This is a submission for the Nylas Challenge: AI Expedition.
What I Built and Why
For this challenge, I built SmartInbox, an AI-powered email assistant designed to integrate AI with the Nylas API, demonstrating how these technologies can work together. The core idea was to show how AI can be trained with a user's email data to provide accurate, context-aware summaries and smart replies using Retrieval-Augmented Generation (RAG).
Hosted Auth by Nylas
To securely connect users' emails and obtain the necessary permissions, I used the hosted authentication provided by Nylas. This allows users to safely link their email accounts to SmartInbox.
AI Training with Custom Data
SmartInbox allows users to train their AI model by uploading any email dataset of their choice. This training enhances the AI's ability to generate more relevant and accurate responses based on the user's unique email data.
Specialized Summaries and Smart Replies
Once the AI is trained, users can view their emails and receive specialized summaries and smart replies tailored to the context of each email. This feature highlights the potential of combining AI with the Nylas API to streamline email management.
Please note that since this is a demo project, the functionality to send emails has not been included.
Demo
Check out this short video where I show the main features of SmartInbox and how it helps with email management. Training the AI Model with a large dataset might take a while when watching the demo.
You can also view the project live here to explore its features firsthand.
Code
You can find the source code on GitHub. This project is open source and available under the MIT license.

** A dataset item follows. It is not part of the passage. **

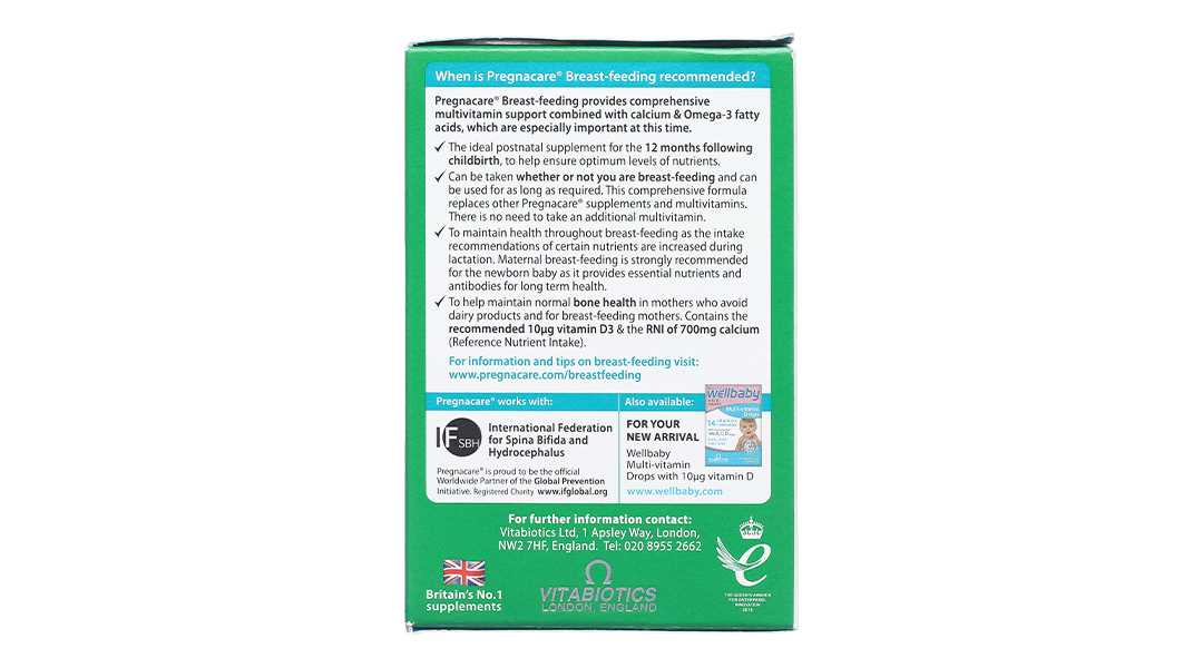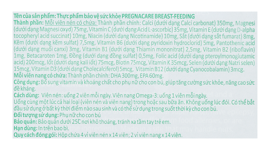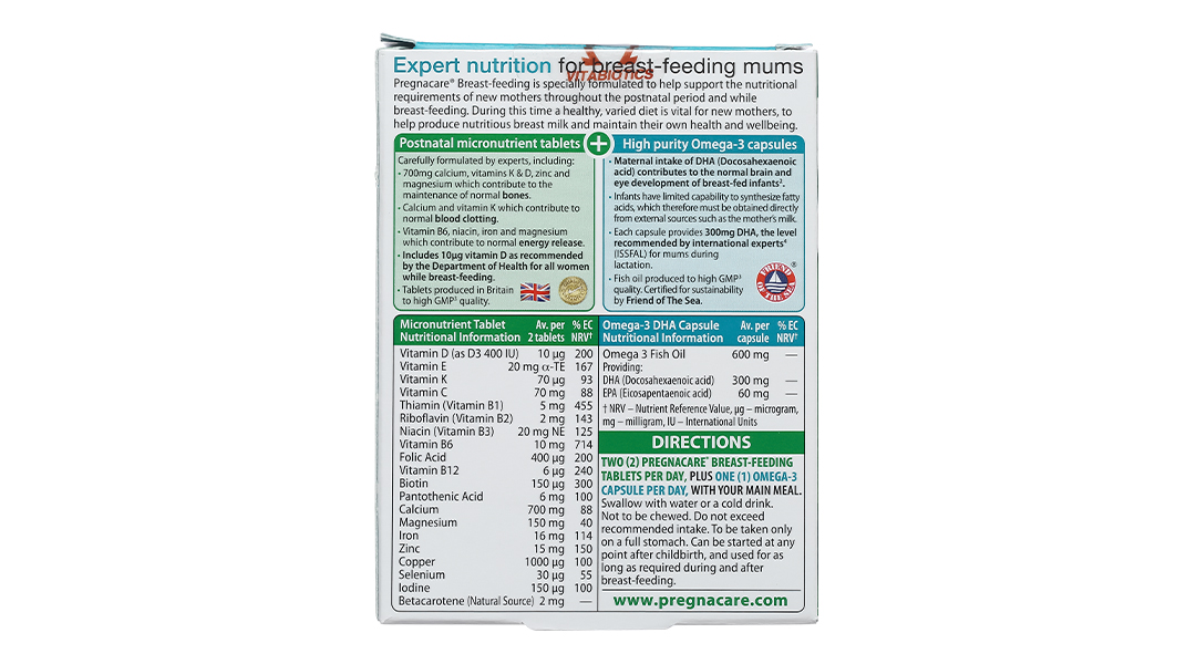 Pregnacare Breast-feeding là một sản phẩm trong dòng Pregnacare được dành cho các bà mẹ trong giai đoạn cho con bú. Đây là thời kỳ vô cùng quan trọng, không chỉ đối với sức khỏe của mẹ mà còn ảnh hưởng trực tiếp đến sự phát triển của trẻ. Sản phẩm được bào chế một cách tỉ mỉ, cung cấp những dưỡng chất thiết yếu giúp hỗ trợ sức khỏe toàn diện của bà mẹ sau sinh và đảm bảo chất lượng sữa cho bé. Pregnacare Breast-feeding là công thức kết hợp hoàn hảo giữa các thành phần cần thiết cho cả mẹ và bé, chứa một loạt các vitamin, khoáng chất và axit béo Omega-3 được khoa học chứng minh là có tác dụng quan trọng trong việc duy trì sức khỏe của mẹ và sự phát triển của trẻ sơ sinh.

SmartInbox is an AI-powered email assistant that helps you efficiently manage your emails. It provides intelligent email summaries and smart reply suggestions, allowing you to handle your inbox with ease.
Features
AI-Powered Summaries: Automatically generates concise summaries of opened emails, so you can quickly grasp the main points without reading through the entire message.
Smart Reply Suggestions: Offers context-aware reply suggestions using Retrieval-Augmented Generation (RAG) based on your email data. This saves time by allowing you to respond to emails with just a click.

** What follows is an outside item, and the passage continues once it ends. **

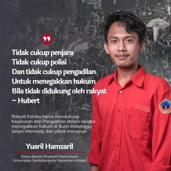 Terakhir, mahasiswa Fakultas Hukum ini meminta agar semua elemen masyarakat mendukung dan mempercayakan proses hukum yang tengah berjalan.

Training with Personal Email Data: The AI assistant is trained using your own email data, ensuring that the summaries and suggestions are tailored to your specific communication style and preferences.
Creating SmartInbox was a great learning experience. I began by setting up a full-stack app using the NEON OSS Next.js Starter, which gave me a strong base. Then, I built an easy-to-use email dashboard with shadcn/ui and connected Nylas for secure email authentication.
Nylas was key in securely connecting to users' email accounts. It allowed me to fetch email data, which I then processed with an AI model.
To make the AI work better, I trained it using public email datasets so it could give more accurate summaries and replies. I also used Claude AI to make the tool even smarter.
During this project, I learned how AI can simplify handling emails and how to combine different APIs and machine learning tools. I'm proud of how it all came together to create a tool that helps people save time. This project has inspired me to keep exploring how AI can improve everyday tasks.